Bidding YIP Adieu

One of the gifts of traveling is seeing the world differently. Sometimes, it means seeing ourselves differently—what we are capable of and what we are worthy of. Sometimes, we realize that we can trust some more, love some more or that we can be trusted and loved some more. I think that it’s true to both the one who physically travels and the one who travels in the presence of he who physically travelled.

When we travel, we are blown away by the capacity of the human being to feel the same way or think the same way. Wherever we are, in another city or country, we receive a thousand affirmations of our humanness—our hopes, our desires, our trivialities, our vulnerabilities, our joys. We see universal truths as we peel away layers of our own traditions, practices, preferences or idiosyncracies. This capacity to feel the other and to find deep in our hearts that we are the same and that we understand each other has power to feed some of our deepest hungers or heal some of our deepest wounds. Perhaps, the more people travel in different directions, the more understanding the world will be and the more that it will be able to shed light on the assumptions that we have built in our own spaces, territiories and jurisdictions.

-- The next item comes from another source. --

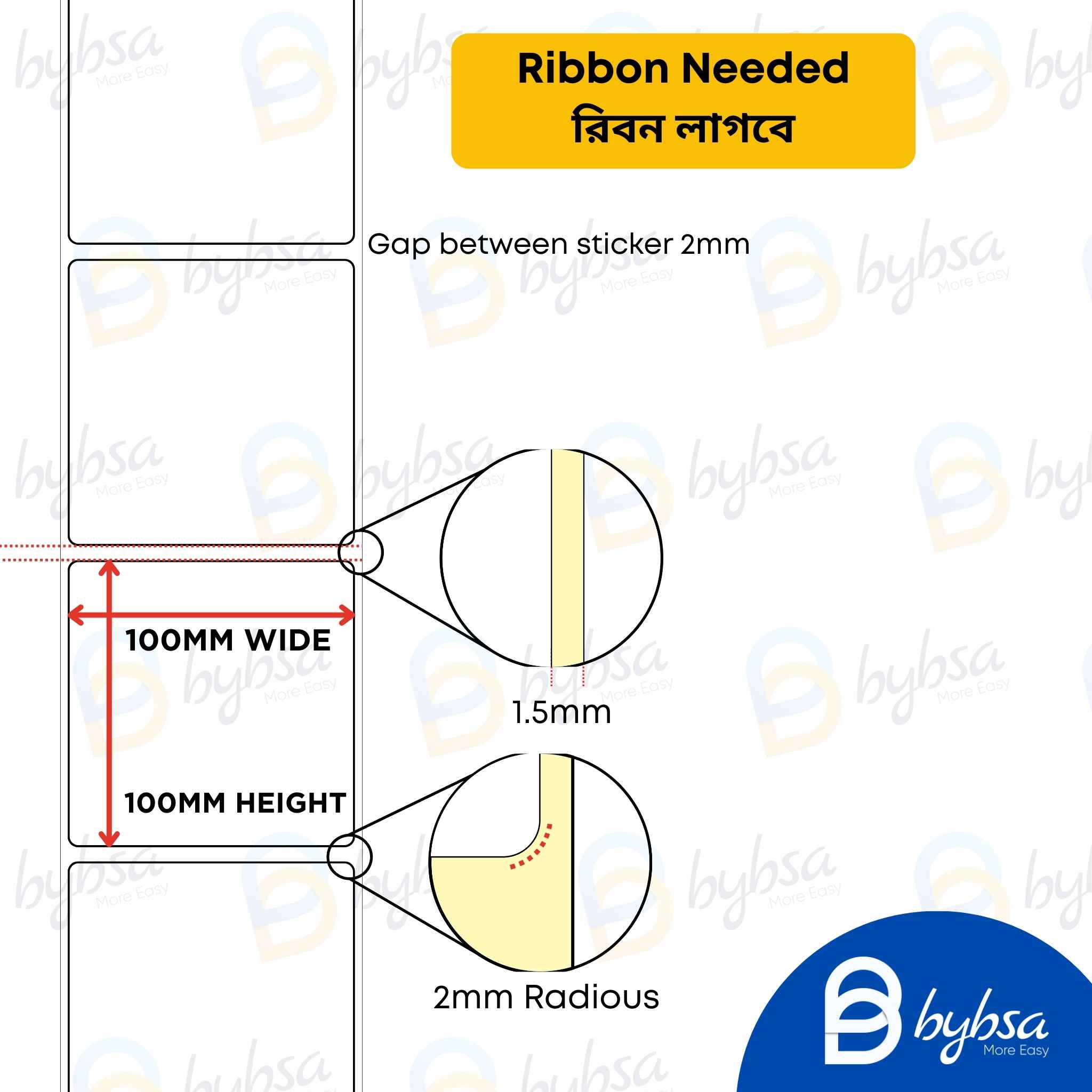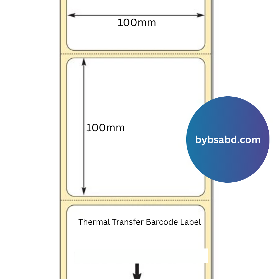 In Bangladesh, you can purchase the 100 mm x 100 mm Thermal Transfer Barcode Label Sticker Roll from Bybsa Solutions Co. We also offer a wide range of POS Paper Rolls, Barcode Labels, Adhesive Stickers, and Printing Accessories to meet your business needs.

I believe in the capacity of the traveled and the travailed individuals to help their worlds see the other. As we bring stories from one place to another, we light a spark of interest, we open doors and windows in which others can peek into and see what must be seen. The experience is a revelation. It hums, it sings, it inspires. It is an instrument of new seeing and understanding.

But  there also is an aspect of travel that, to me, is still quite surreal. The pull that a place has on you years after you have traveled. Not all places do this to me. But there are certain places that I feel I must go back to. The pull manifests in many different ways and it never goes away. And it’s not necessarily because of the intensity of an experience or a vivid memory. I believe that we were meant to be in some places—in the past or in the future—and that the soul recognizes it. It’s the same with people we meet when we travel, physically or not. The impulse to make the most out of it because we might not see each other again is in the deep recesses of  our souls. We are more sensitive and attuned to what our hearts desire. When I sink into the sadness that comes with goodbyes, I wonder if it will take another lifetime for our souls to meet again. Separating ways casts a dent in my heart but I believe that having crossed paths, and having exchanged love and energy, we are meant to honor  the journey our souls are taking.

This recent soul encounter with our friends from YIP who we said goodbye to yesterday is probably one of the best travels I have had without physically traveling. And I will always remember the fullness of the experience. Because “the best trips,” said my favorite travel writer, “like the best love affairs, never really end.”